世界を恐怖に陥れたり支配を目論む、怪物たちの親玉。主人公が困難を乗り越えて戦いを挑む最後の敵。一言で言えば、とっても強くて悪いラスボス

【勇者】
 
世界を救うために魔王を倒しに行く物語の主人公。なんの文句も言わず、自分を犠牲にして人のために戦える、無私の人。一言でまとめると、むちゃくちゃ性格がいい正義の味方。

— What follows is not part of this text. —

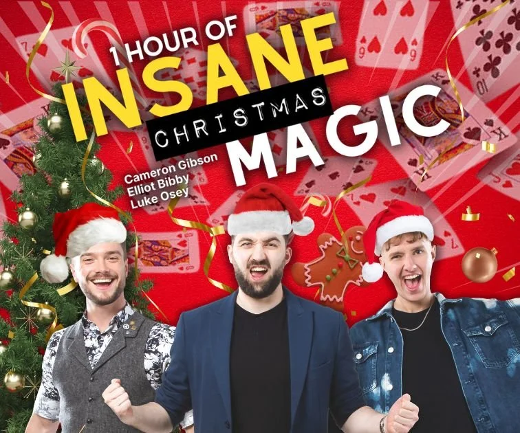 Cameron Gibson, Elliot Bibby, and Luke Osey — “three of the country’s best magicians” (Edinburgh Live) — have had a rollercoaster year: taking Insane Magic to the Adelaide Fringe in Australia, becoming one of the biggest-selling magic shows at the Edinburgh Fringe, and even performing on stage at Glastonbury Festival!

「なろう系」というワードに惹かれてこの記事を読み始めたあなたなら、上記のイメージは概ね賛同していただけるのではないかと思います。ではなぜこのようなイメージが、あなたと私の間で共有できるのでしょうか。

記号的役割の意味について

 さて、イメージ共有の謎を解き明かす前に、まず私がタイトルで使用した『記号的』という言葉の意味を説明しておきましょう。

 記号的とは、その言葉を見た瞬間作者と読者である程度情報が共有できるもの、という意味で使用しています。

 さきほどの例で言えば、魔王という言葉を出せばラスボス的イメージ、勇者なら主人公でいい人的イメージが記号的・・・にある、ということですね。

 何を当然のことを言ってるんだコイツは・・・とあなたは思うかもしれません。しかし小説などの文字メディアにおいて、説明もなしにイメージを共有できる特殊な言葉はありません。どういうことでしょうか。

 これが漫画だとビジュアルがあるので「悪そう」だったり、「強そう」だったりがパッと見ただけで判断できます(それでもキャラクターの存在だったり背景には説明が必要ですが)。

 ところが小説では、犬や猫、空や大地などの記号的・・・に意味が付与された一般的な言葉以外、例えば『ス○イラブハリケーン』や『○斗神拳』など、その作品内での特殊な言葉は説明がないと読者と共有できないわけです。

 そして魔王や勇者は、ある時点まで確実に記号的役割を担うことができない特殊な言葉だったのです。ではなぜ共有できるのでしょうか。ようやく先ほど問いかけた答えを示す時がきました。

ドラクエⅢが果たした功績

 結論から申し上げると、魔王と勇者についてはドラゴンクエストⅢというゲームが果たした功績が大きいと考えます。

ドラゴンクエストⅢとは

 ここでドラゴンクエストⅢがどのようなゲームか知らない若い読者のために、概要を示しておきましょう。

 ドラゴンクエストは、本格的コンピューターRPGとしてヒットしたファミコンのソフトです。当時はカセットと呼ばれるカートリッジを、ファミコン本体に挿してソフトを認識させる方式でした(なつかしい)。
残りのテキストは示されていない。